__Data extract__.
□ □ □ □ □
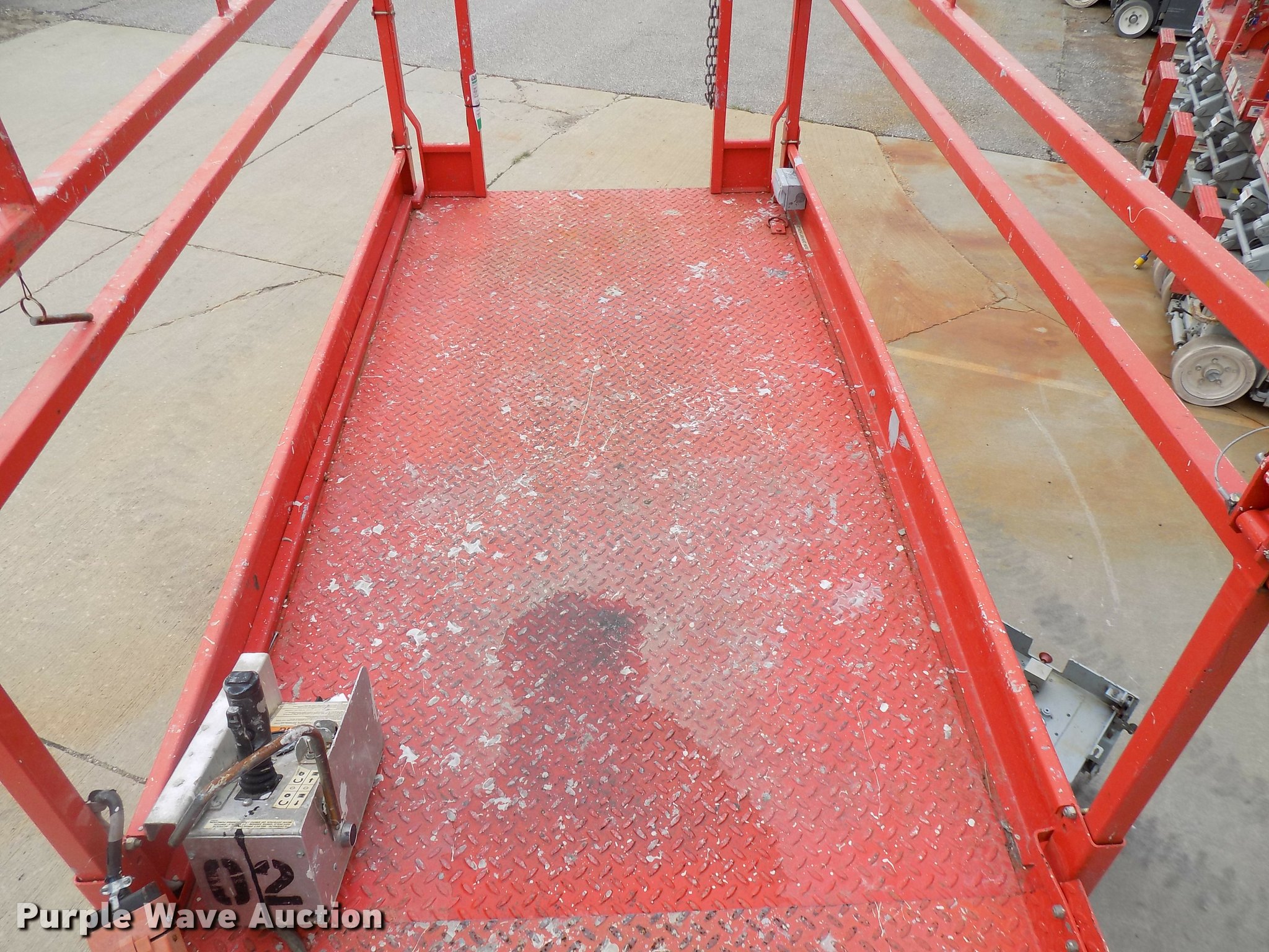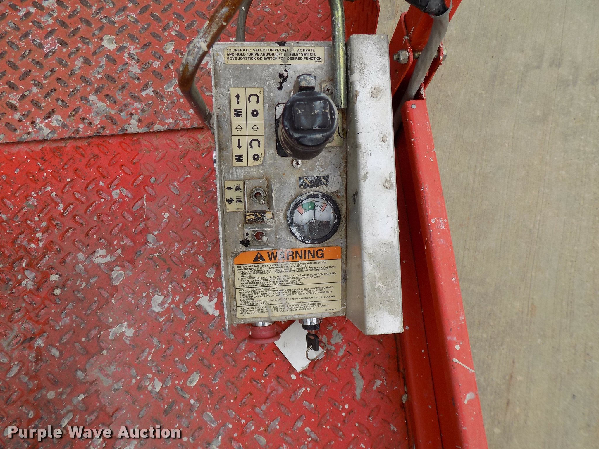 Purple Wave is selling a used Scissor or Vertical Lift in Iowa. This item is a 1998 Sky Jack 4830 scissor lift with the following: 833 hours on meter, 24V operation, 500 lbs maximum lift capacity, 36' maximum working height, 30' maximum drive height, 81"L x 48"W platform, Platform and ground controls, Platform extensions, Safety alarm, 92"L x 48"W x 95"H, 4.00-8 solid non-marking tires, Serial 86542
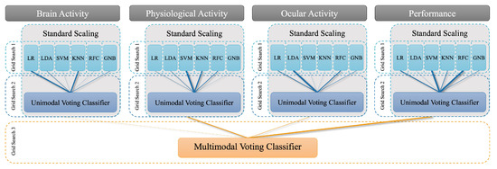 Not surprisingly, all these measures are, thus, often used as a stand-alone indicator for mental effort (i.e., in a unimodal approach). However, a multimodal approach has several advantages over using only one measure. It can compensate for specific weaknesses and profit from the strengths of the different complementary measurement methods (performance, subjective experience as well as neuro- and peripheral physiological measures) [25,26,27]. For instance, (neuro-)physiological measures can be obtained without imposing an additional task [16] and allow for capturing cognitive subprocesses involved in executing the primary task [28]. A multimodal approach, hence, provides a more comprehensive view of (neuro-)physiological processes related to mental effort [4,5,25,29], as it can capture both central and peripheral nervous system processes [21,27]. However, fusing data from different sources remains a major challenge for multimodal approaches. ML methods provide solutions to compare and combine data streams from different measurements. ML algorithms are becoming increasingly popular in computational neuroscience [30,31]. The rationale behind these algorithms is that the relationship between several input data streams and a particular outcome variable, e.g., mental effort, can be estimated from the data by iteratively fitting and adapting the respective models. This allows for data-driven analyses and provides ways to exploratorily identify patterns in the data that are informative [32].
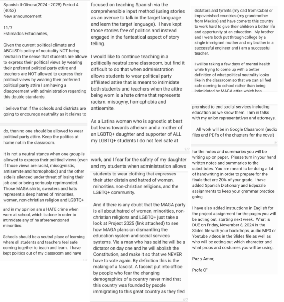 “Given the current political climate and ABCUSD policy of neutrality not being neutral in the sense that students are allowed to express their political views by wearing their preferred political party attire and teachers are not allowed to express their political opinions by wearing their preferred political party attire, I am having a disagreement with administration regarding the double standard.”
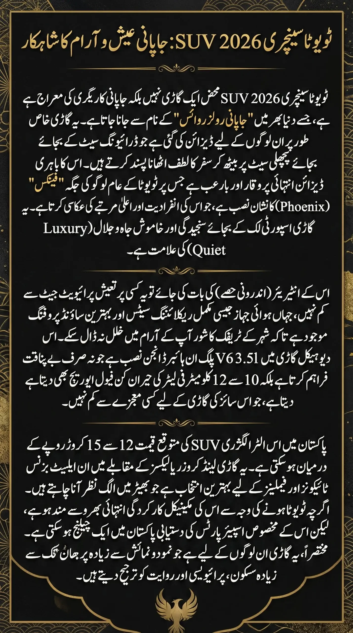 If you have a chauffeur and you spend 2-3 hours a day in the back seat making calls or resting, the Century SUV is arguably the best vehicle in the world for Pakistan. It offers the luxury of a Rolls Royce with the reliability of a Corolla.
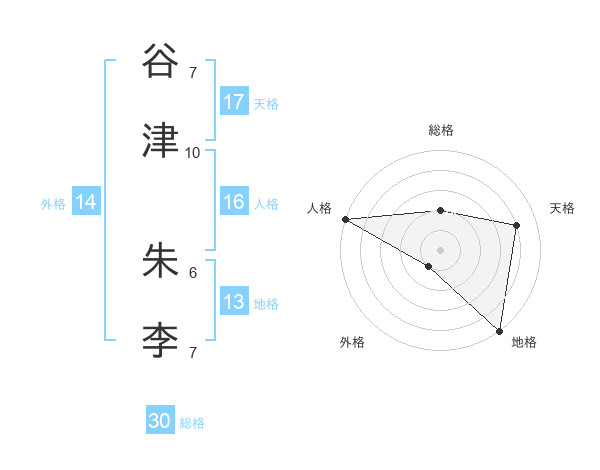 谷津 朱李さんを姓名の画数から五運を鑑定
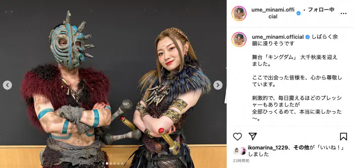梅澤美波、舞台『キングダム』千秋楽で出演者との写真多数アップ バジオウ役 元木聖也とのインパクト強いツーショットも
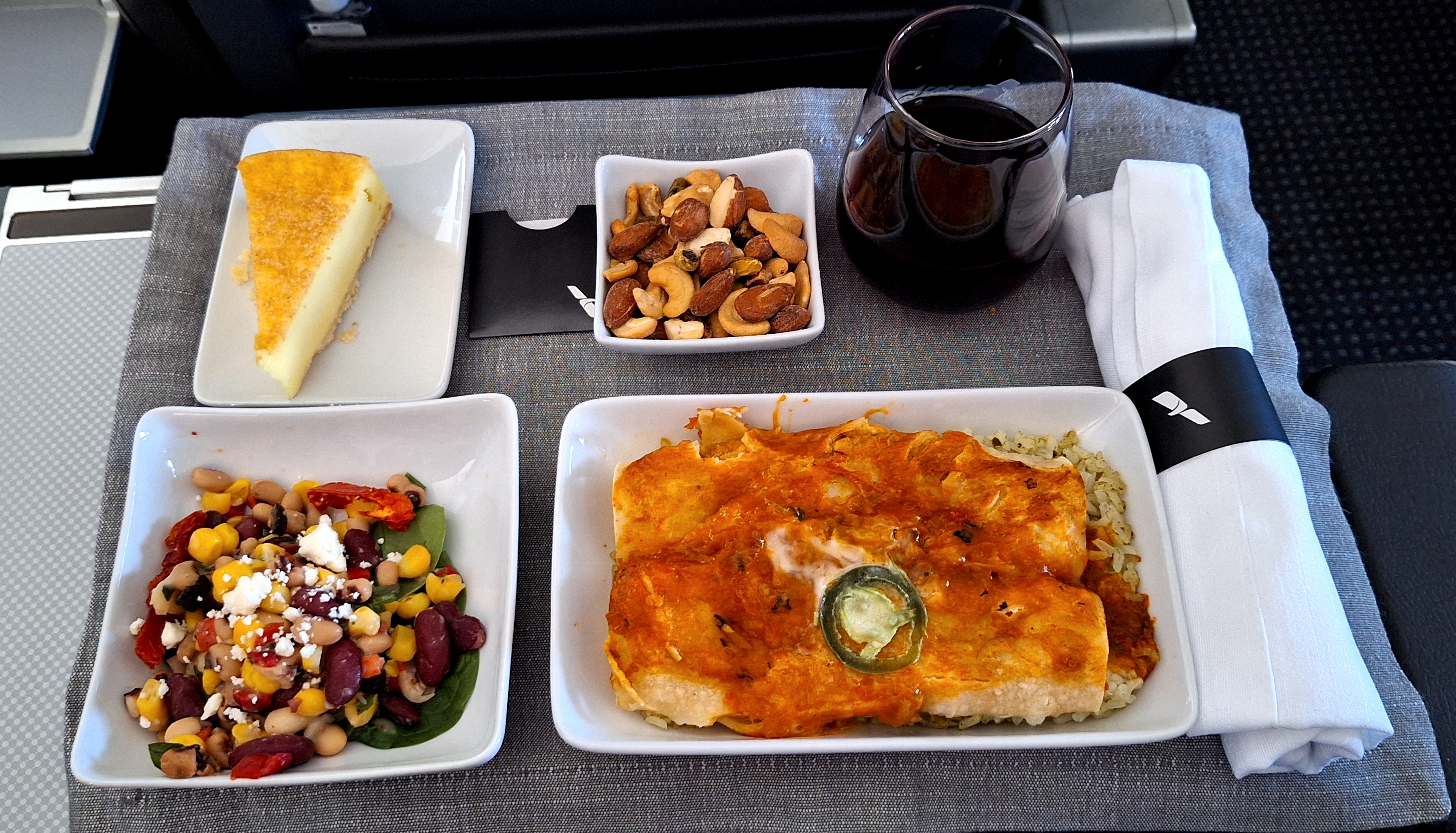 This crew seemed not to want to be friendly or helpful. The warm nuts were sorta-kinda warm and served at the same time as the meal. We were given a tiny splash of wine and had chosen the chicken burritos this time and they were equally as uninspiring as the short ribs on the way down. When my wife, after finishing her meal, asked for a refill on her wine the flight attendant seemed upset at the request. OK, then…
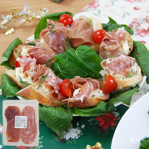 しっとり優しい塩味の生ハムと香り高いサラミの組み合わせはワインとの相性も抜群。
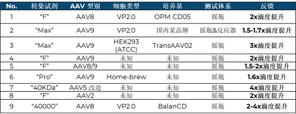 RevIT Enhancer在國(guó)內(nèi)客戶(hù)不同AAV項(xiàng)目平臺(tái)上的測(cè)試反饋結(jié)果
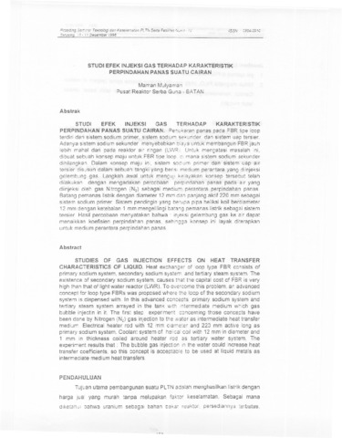 Maman Mulyaman, MM (1996) STUDI EFEK INJEKSI GAS TERHADAP KARAKTERISTIK PERPINDAHAN PANAS SUATU CAIRAN. PROSIDING SEMINAR TEKNOLOGI DAN KESELAMATAN PLTN SERTA FASILITAS NUKLIR IV. ISSN 0854-2810
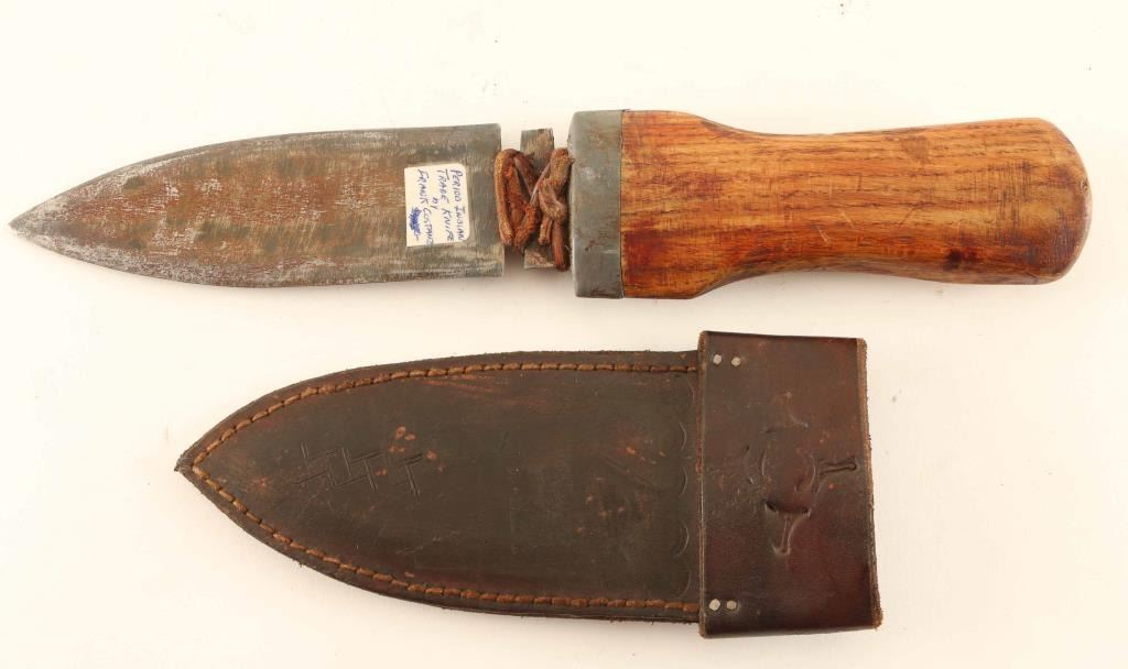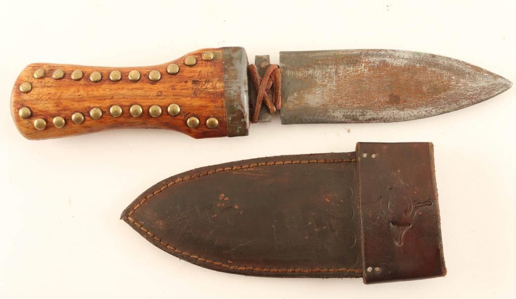 Wood Handle With Brass Tacked 13.5" Overall With Leather Sheath
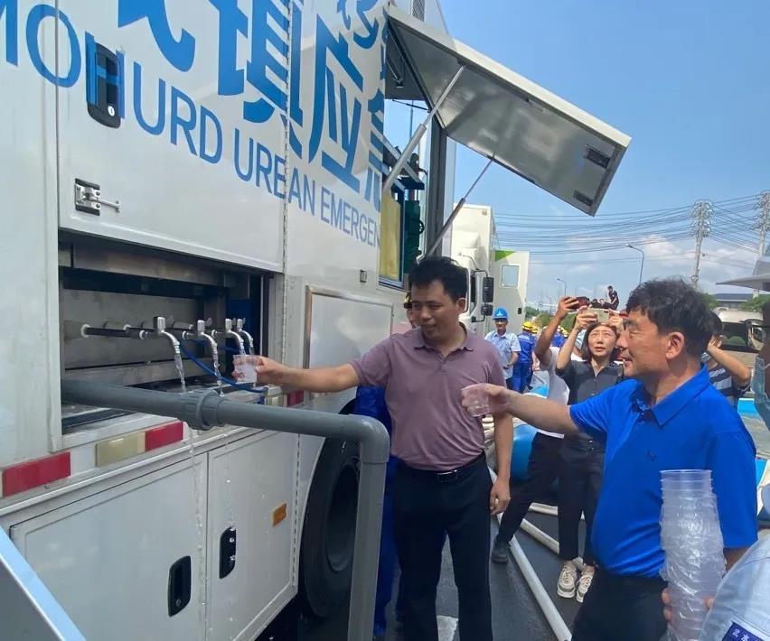 住房和城乡建设部于2015年启动实施“国家供水应急救援能力建设”项目,在辽宁抚顺、山东济南、江苏南京、湖北武汉、广东广州、河南郑州、四川绵阳、新疆乌鲁木齐建设国家应急供水救援中心,设置保养基地,各配备一套应急供水设备。每套装备包括5立方米/小时移动式应急净水装置4台、有机物及常规指标水质监测装置1台、重金属及常规指标水质监测装置1台、应急保障装置1套(包括通讯工具、动力保障、照明及物资材料储备、水样采集设备等)。2019年11月14日,住房和城乡建设部举行国家供水应急救援装备移交工作会议暨授牌仪式,黄艳副部长主持会议并讲话,向各国家供水应急救援中心区域基地授牌。中规院依托长期开展科研和社会公益工作打下的坚实基础,承担了本项目应急救援装置的建设任务。在住房和城乡建设部领导下,认真落实项目总体部署,不忘初心、牢记使命、勇于担当、开拓创新,先后开展应用调研、设备比选、工艺设计、生产建造、竣工验收,历经三年如期圆满完成建设任务,装置于2019年底移交给全国八个国家供水应急救援中心区域基地。应急状况下的供水安全保障能力,事关灾后群众的饮水安全和基本生活保障,为实现多种突发事件下的快速响应,在国家层面构建城镇供水应急救援体系意义十分重大。此次供水应急救援,是8个国家供水应急救援基地组建以来,首次进行的实战应急供水救援。
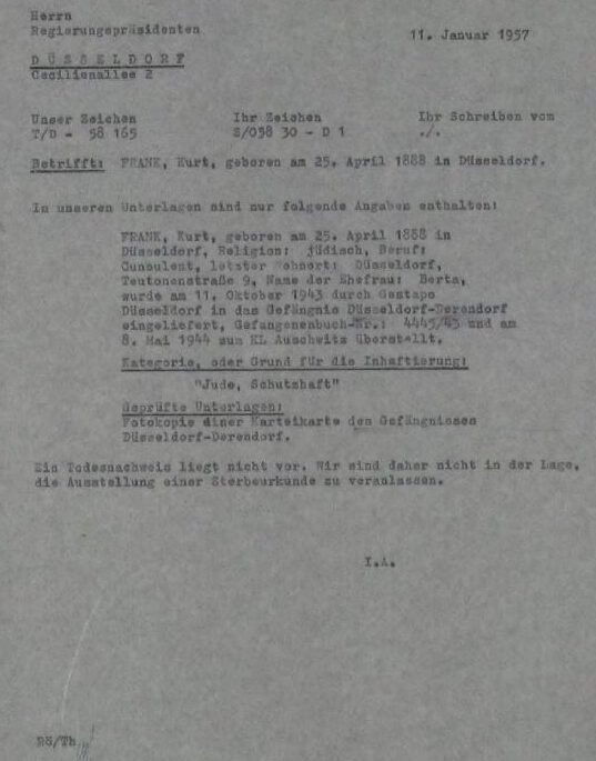 Dr. Kurt Frank wurde am 10. Oktober 1943 verhaftet und am nächsten Tag von der Gestapo in das Gerichtsgefängnis Düsseldorf-Derendorf eingeliefert. Als Vorwand für die Verhaftung diente der Vorwurf der Vermögensverschiebung. Seiner Ehefrau wurde erlaubt, am 23. Oktober 1943 „für den Schutzhaftgefangenen Frank, Kurt Israel, Wäsche umzutauschen und Schnürsenkel abzugeben.” Am 18.Januar 1944 bat Kurt Frank um Medikamente und Lebensmittel. Am 20. April 1944 gelang es ihm aus der Haft eine Nachricht an seine Frau zu übermitteln. Darin berichtete er ihr über den Gestapobeamten Waldbillig. Dieser wolle ihn nach Auschwitz schicken. Auch sei sein Tod nur noch eine Frage der Zeit. „Zum Vergasen in Auschwitz braucht man nicht haftfähig zu sein“, so schilderte Frank seiner Frau die Worte des Gestapobeamten. Dr. Kurt Frank bat seine Frau mit dem Gefängnisarzt Dr. Fuhrmann zu sprechen, ob dieser etwas für ihn tun könnte. Am Sonntag, den 23. April 1944, schrieb Frank an seine Frau: „Liebes, was bin ich in Sorge um Dich … Ob wir uns diese Woche sehen?”
□ □ □ □ □
Could the stretch from the line with "This crew seemed" through the line with "しっとり優しい塩味の生ハムと香り高いサラミの組み合わせはワインとの相性も抜群。" in the listing above be restated word for word, minus the pictures?

__Response area__.
 This crew seemed not to want to be friendly or helpful. The warm nuts were sorta-kinda warm and served at the same time as the meal. We were given a tiny splash of wine and had chosen the chicken burritos this time and they were equally as uninspiring as the short ribs on the way down. When my wife, after finishing her meal, asked for a refill on her wine the flight attendant seemed upset at the request. OK, then…
 しっとり優しい塩味の生ハムと香り高いサラミの組み合わせはワインとの相性も抜群。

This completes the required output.